I am celebrating (read: icing) the most Type II fun I’ve had in a long time. Or as Matt puts it:

Somebody activate my Obamacare
< bro > Because that trip was si-i-ick < /bro >
On my tiptoes. The whole weekend was a reach.

These guys were saintly, per usual, providing shop-work and snacks and sweet little lies about the amount of time they spent waiting in the wind—a knife’s-edge promise of the next day’s snow—while I dragged myself up climbs hours longer than anything I’ve attempted in years. The altitude upped the ante from “this is tough” to “I tried to ride over a tree root and I yakked up breakfast.” Pffffttttt. I love the mountains, madly, honest, but it seem that love alone won’t turn the pedals: I did a lot of walking my bike and a lot of “deciding” to sell the damn thing at the first available opportunity.

Fortunately, Jacob and I have a long friendship based largely on dismissing each other’s dramatics. “Oh, please,” he said, around the seventh or eighth time I announced I couldn’t continue. “You know you’re going to do the whole ride.” Yeah, well … OK.

Star Lake. Exhaustion to wonderment ratio approaching parity.

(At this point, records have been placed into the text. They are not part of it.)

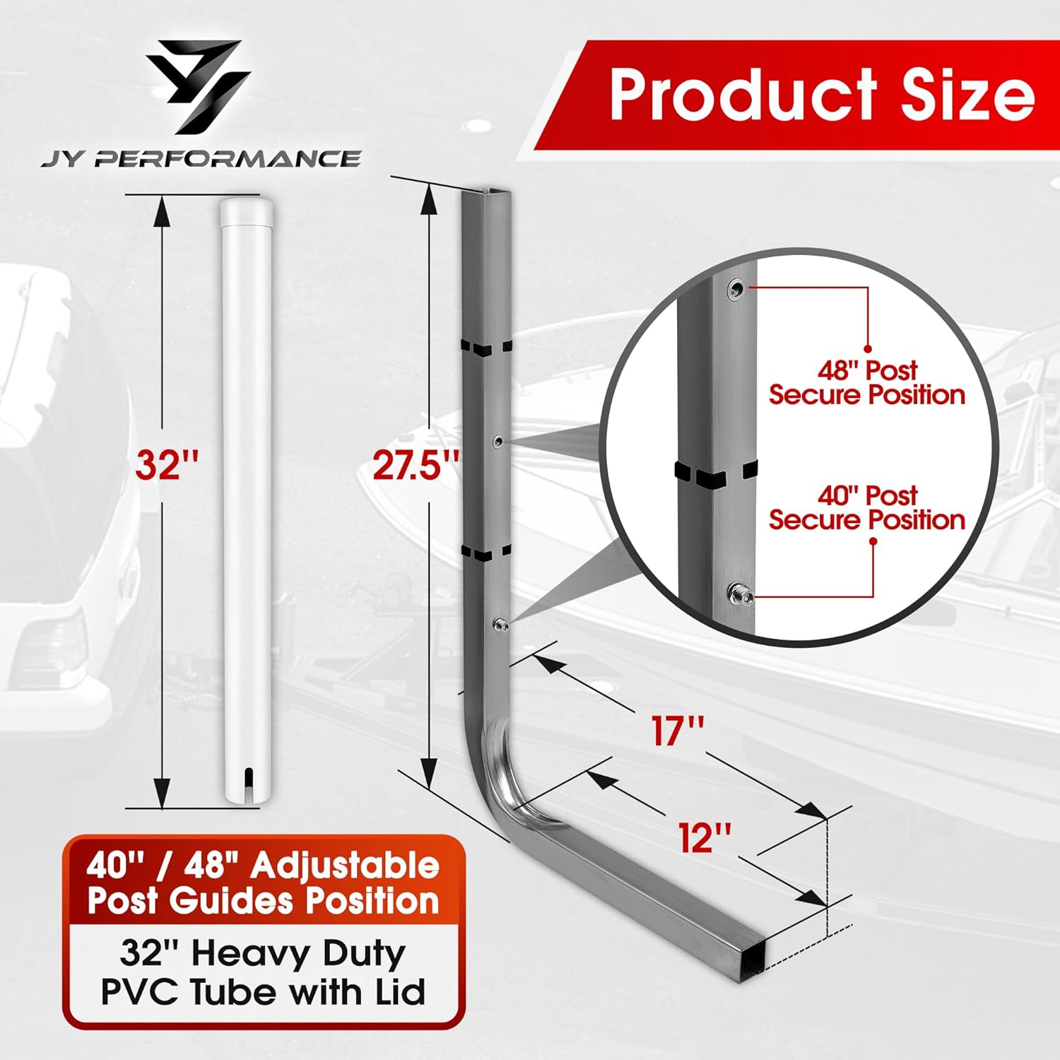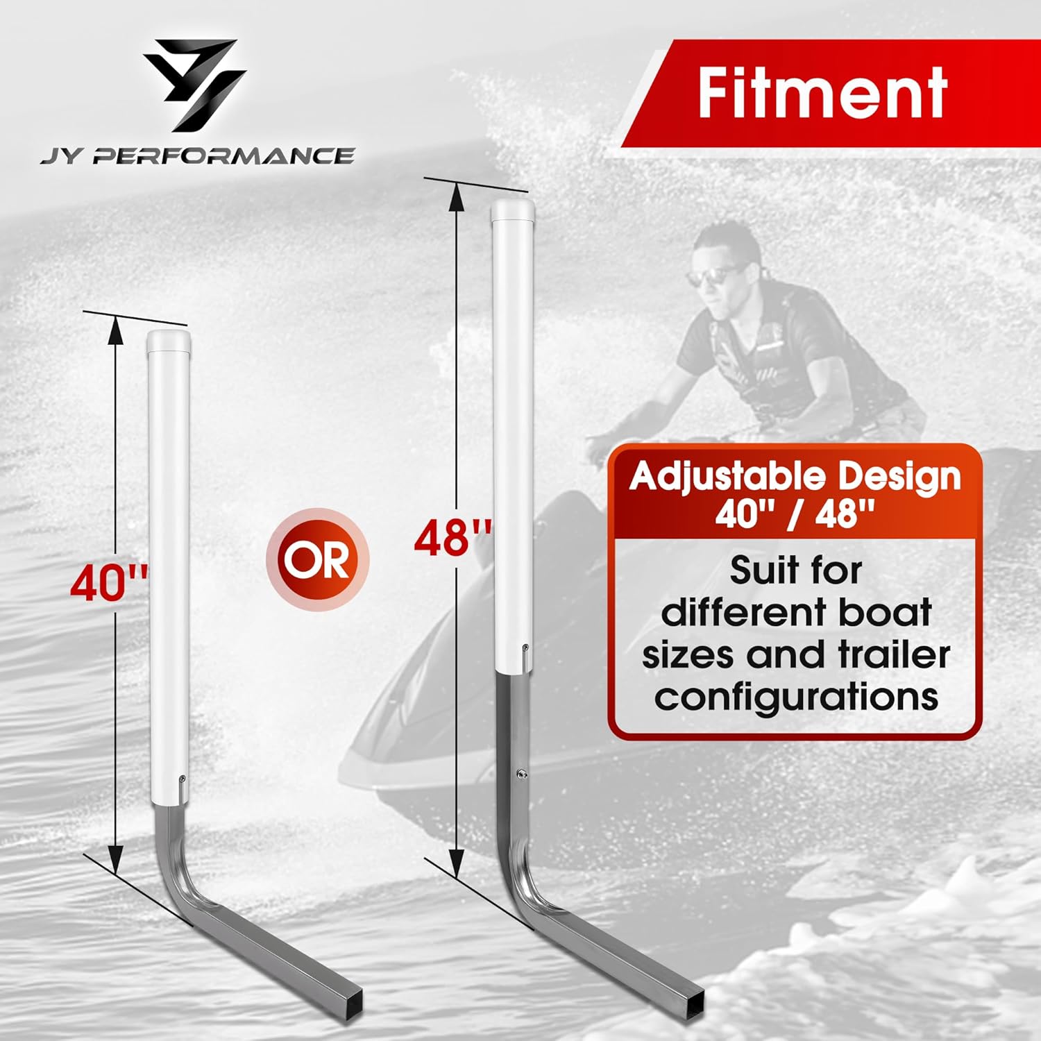 JY PERFORMANCE Boat Trailer Guide-ons, 40"/48" Adjustable, Rustproof Electro-Galvanized Steel Trailer Guide ons, Trailer Guides with White PVC Pipes, for Ski Boat, Fishing Boat, Sailboat Trailer 2PCS
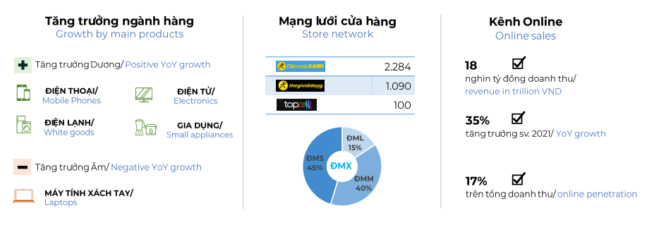Xét về cơ cấu doanh thu, ĐMX chiếm 51,7% tổng doanh thu, TGDĐ chiếm 26% và BHX chiếm 20,3%. Điện thoại, phụ kiện và thiết bị di động vẫn là sản phẩm mang về doanh thu lớn nhất chiếm 40% doanh thu sản phẩm; điện máy chiếm 32%; thực phẩm và FMCGs chiếm 20%.
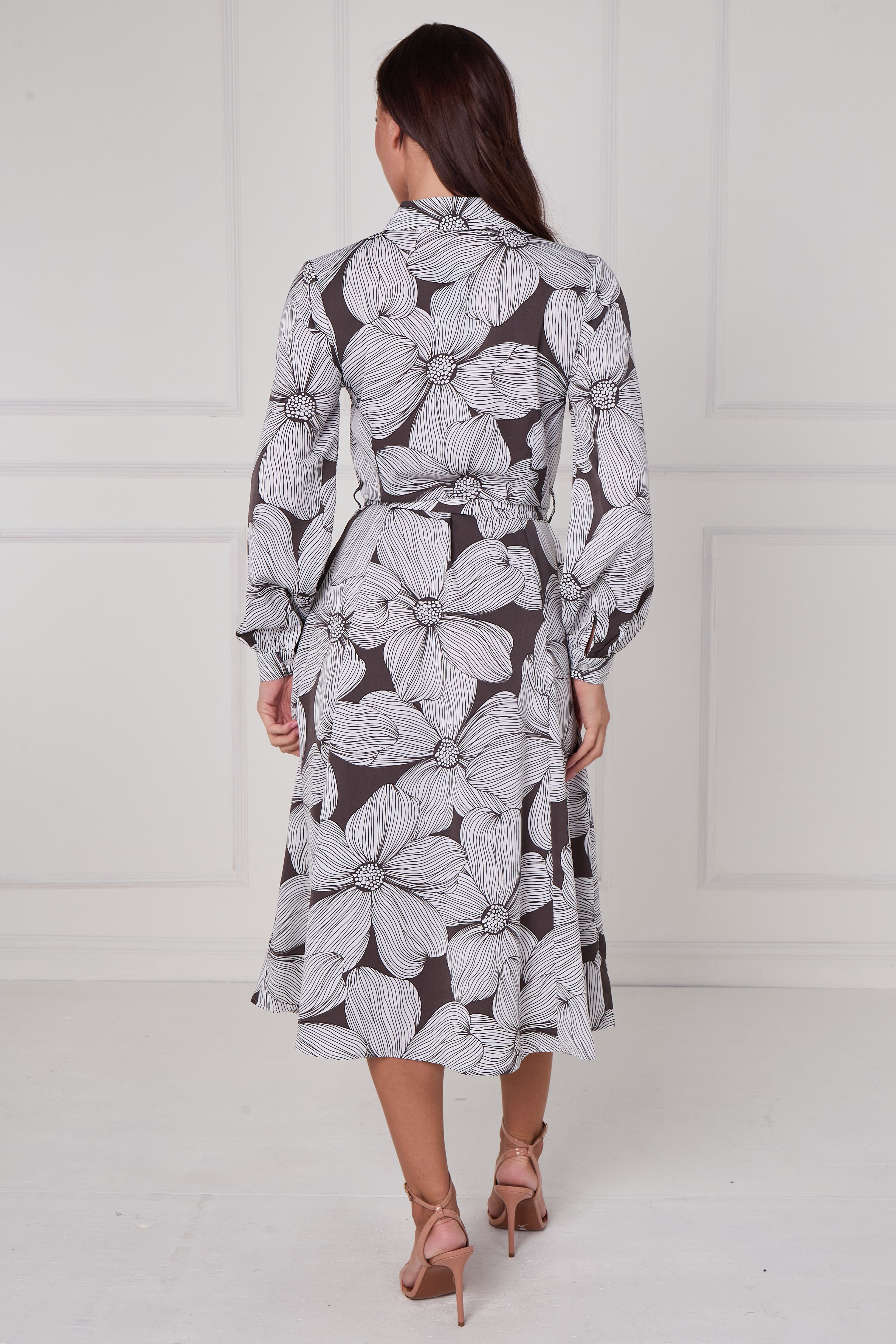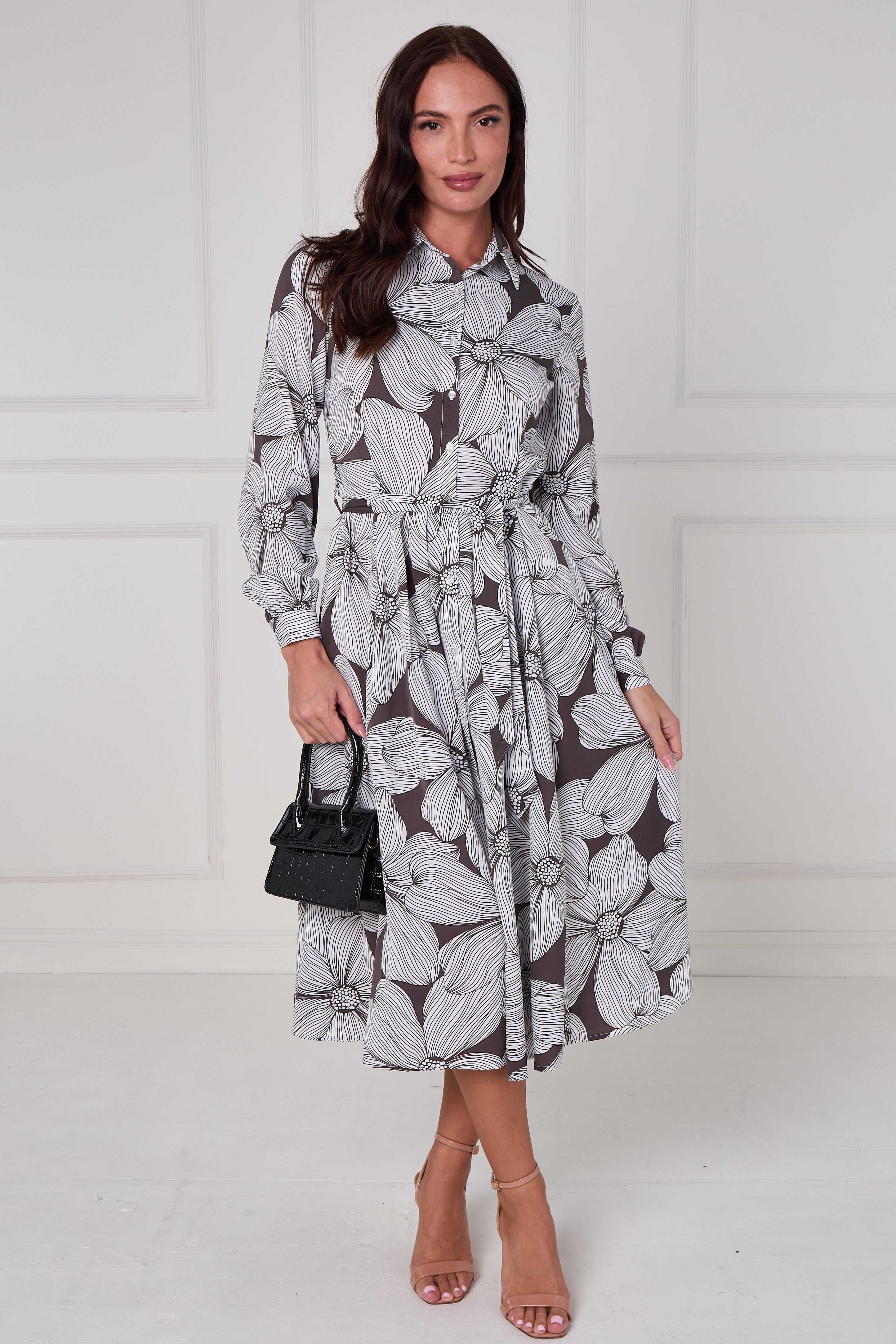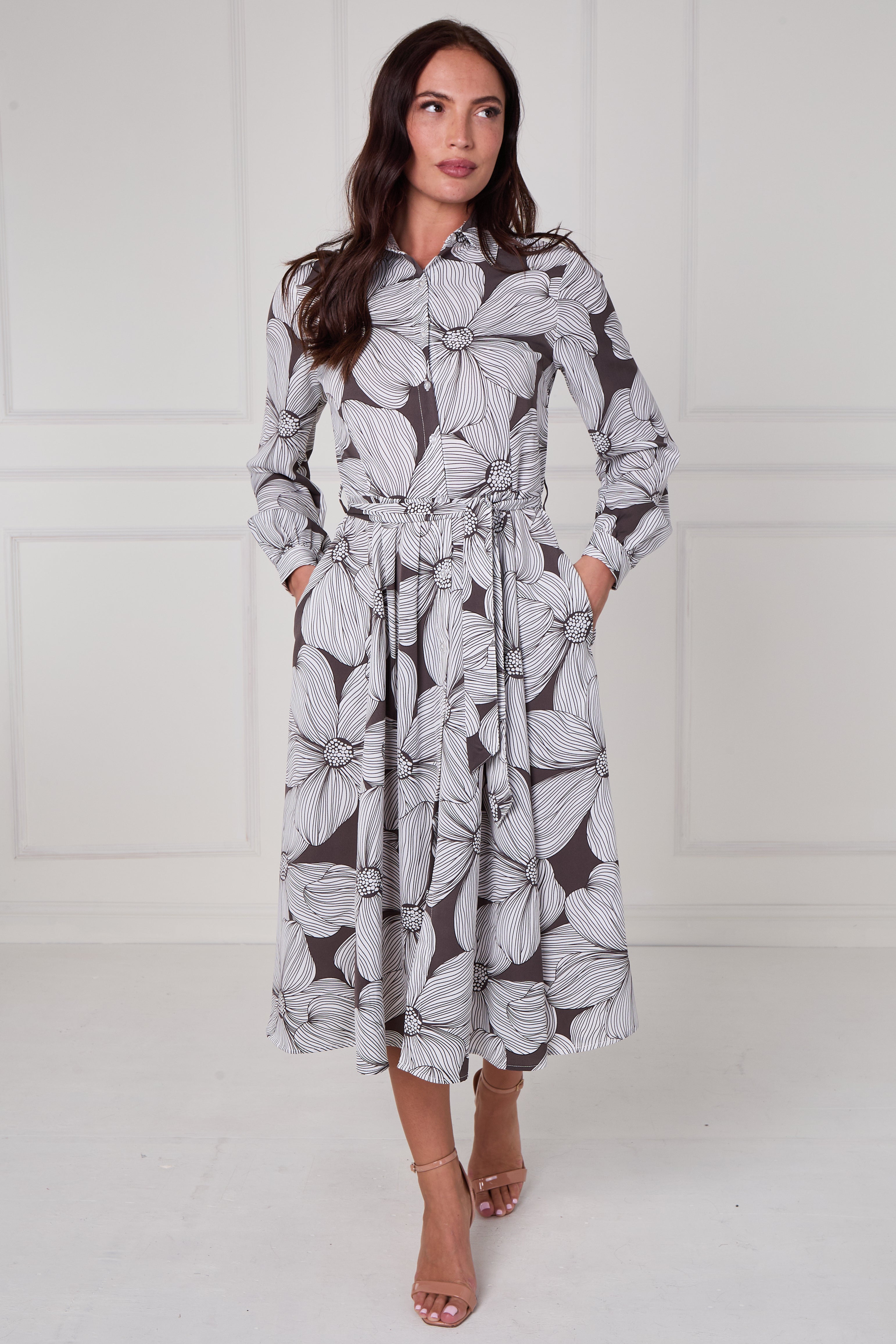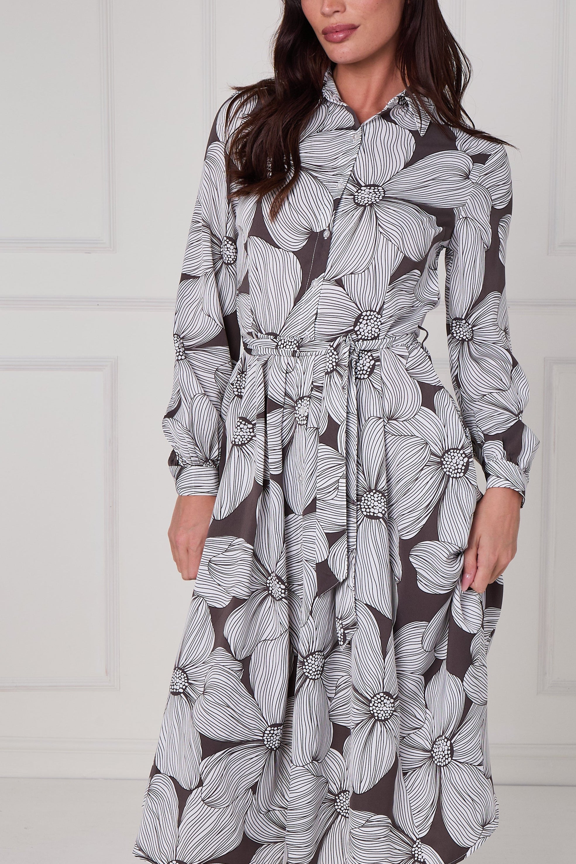 A standout yet easy-to-wear midi shirt dress featuring an oversized floral line print in soft taupe and ivory tones. The silhouette flows beautifully with a relaxed drape, balanced by a detachable belt to shape the waist as desired. Designed with a classic shirt collar, button-through front, long sleeves and discreet side pockets for everyday comfort. Elegant, artistic and effortlessly striking — perfect for work, brunch or any occasion that calls for effortless impact.
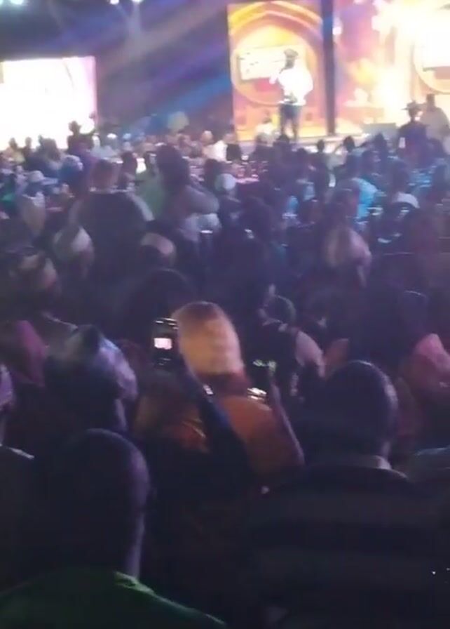 large crowd of people gathered in a dimly lit indoor space, likely an auditorium or concert hall. A stage with large screens and lighting is visible in the background, where a figure appears to be performing or speaking. Many individuals in the crowd are holding up their phones, presumably recording the event. The camera moves slightly, offering different perspectives of the crowd and the stage. The lighting is colorful, with beams shining down from the stage.

Anyway. There was this—the end of the season, shining on the water—and Tahoe blazing blue on the horizon, the snow packed into my pedals on the thin traverses and the glowing aspen leaves’ addled spin to the tumbledown granite of the creekbed. Maybe it was only my eyes gone bleary with the effort, but I swear every last little thing looked lit and living from the inside out. Typical: I can’t breathe here but can only breathe here. And what can I ever do about that?